Despite some really ingenious argy-bargy by their trusty attorneys, whose shoes pass the Mark 9:3 test, Judge Nega and Section 404(a)(5) are too much.

Section 404(a) says if deferred compensation would be deductible (like wages), same can only be deductible subject to the limitations of Section 404(a).

“Section 404(a)(5) provides that, in a case of a nonqualified plan, a deduction for deferred compensation paid or accrued is allowable for the taxable year for which an amount attributable to the contribution is includible in the gross income of the employees participating in the plan.” T. C. Memo. 2022-9, at p. 8. Everyone agrees that the NBA plan is nonqualified.

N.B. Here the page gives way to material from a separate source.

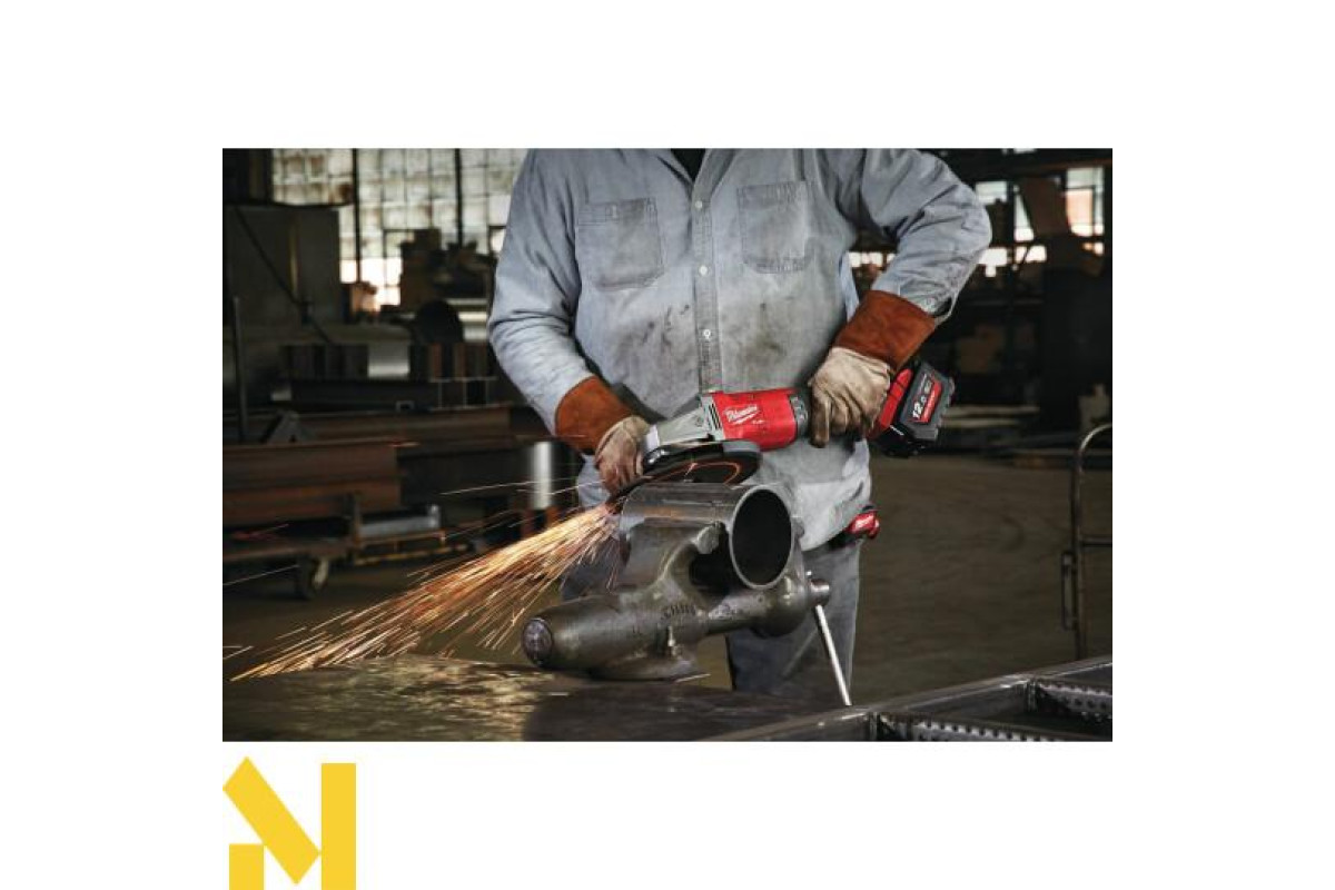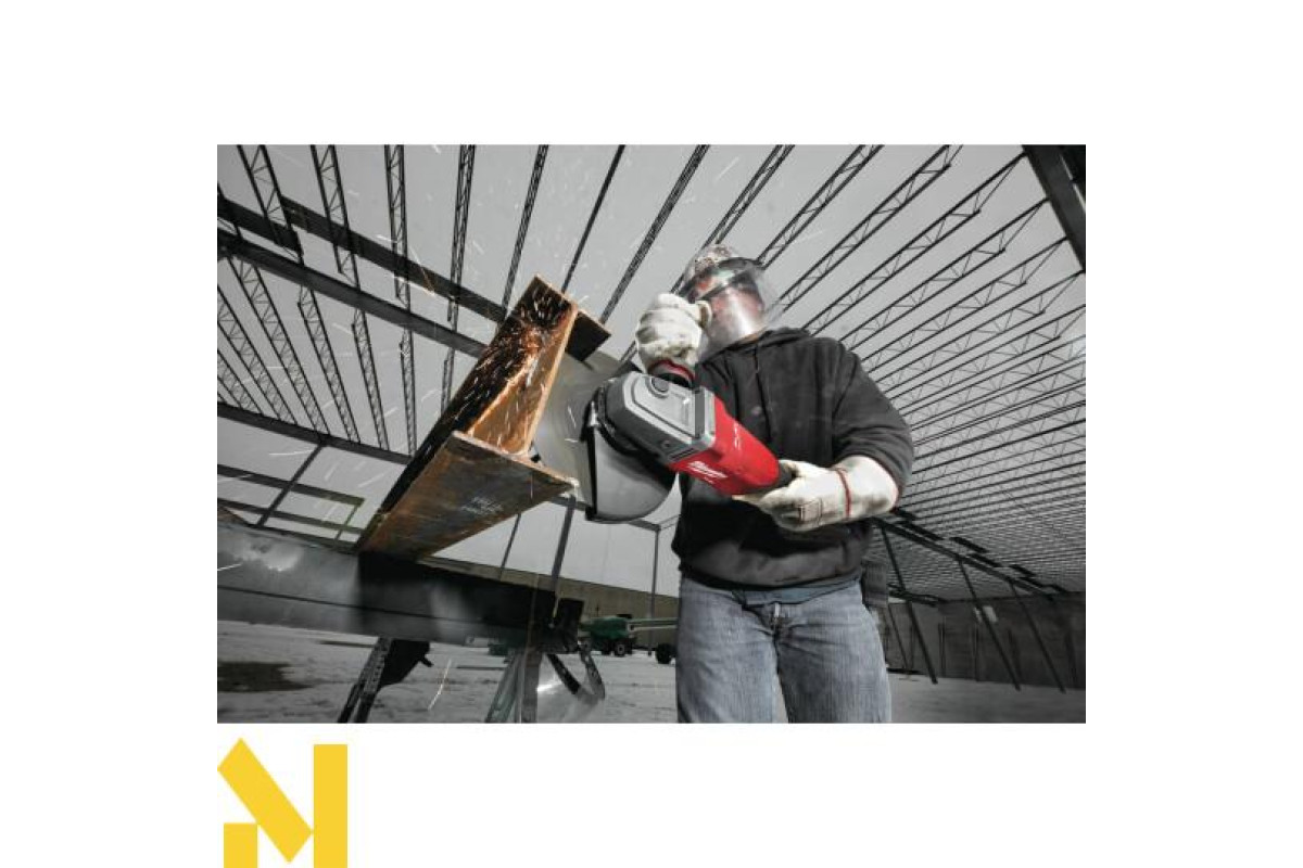 Перша у світі велика кутошліфувальна машина, що працює на одному 18 В акумуляторі, легше ніж мережевий інструмент, що пропонує потужність достатню для шліфування і тривалий час роботи, до 68 різів 42 мм труби з нержавіючої сталі на одному заряді акумулятора

Of course Hoops is an accrual-basis taxpayer, thus bringing in Section 461.

Ascertainable amount (check), there is in fact a liability (check), and economic performance has taken place (all-events: check). So there would be a recognizable tax event.

Except.

“The regulations under section 461, however, further instruct that if, as here, the taxpayer uses an accrual method of accounting, ‘[a]pplicable provisions of the Code, the Income Tax Regulations, and other guidance published by the Secretary prescribe the manner in which a liability that has been incurred is taken into account.’ Treas. Reg. §§ 1.461-1(a)(2)(i), 1.446-1(c)(1)(ii)(A). Thus, under the regulations,  the initial question is whether another provision of the Code or the Regulations prescribes the manner in which the deferred compensation liability is taken into account.” T. C. Memo. 2022-9, at p.10. (Citations omitted).

Enter Section 404(a(5).

“… section 404(a)(5) is the applicable Code provision that governs the deductibility of and prescribes the manner in which a deferred compensation liability is taken into account. Under the plain text of section 404(a)(5), a deduction for deferred compensation is taken into account only for the taxable year in which an amount attributable to the contribution is includible in the gross income of the employee and then only to the extent allowable under section 404(a). See Treas. Reg. § 1.404(a)-12(b)(1). T. C. Memo. 2022-9, at p. 10.

The statute aims to match payment (and deduction thereof) by the employer with receipt by (and payment of tax by) the employee.

Hoops was let off the obligation to pay Messrs. Randolph and Conley, so that’s part of the gain on the sale.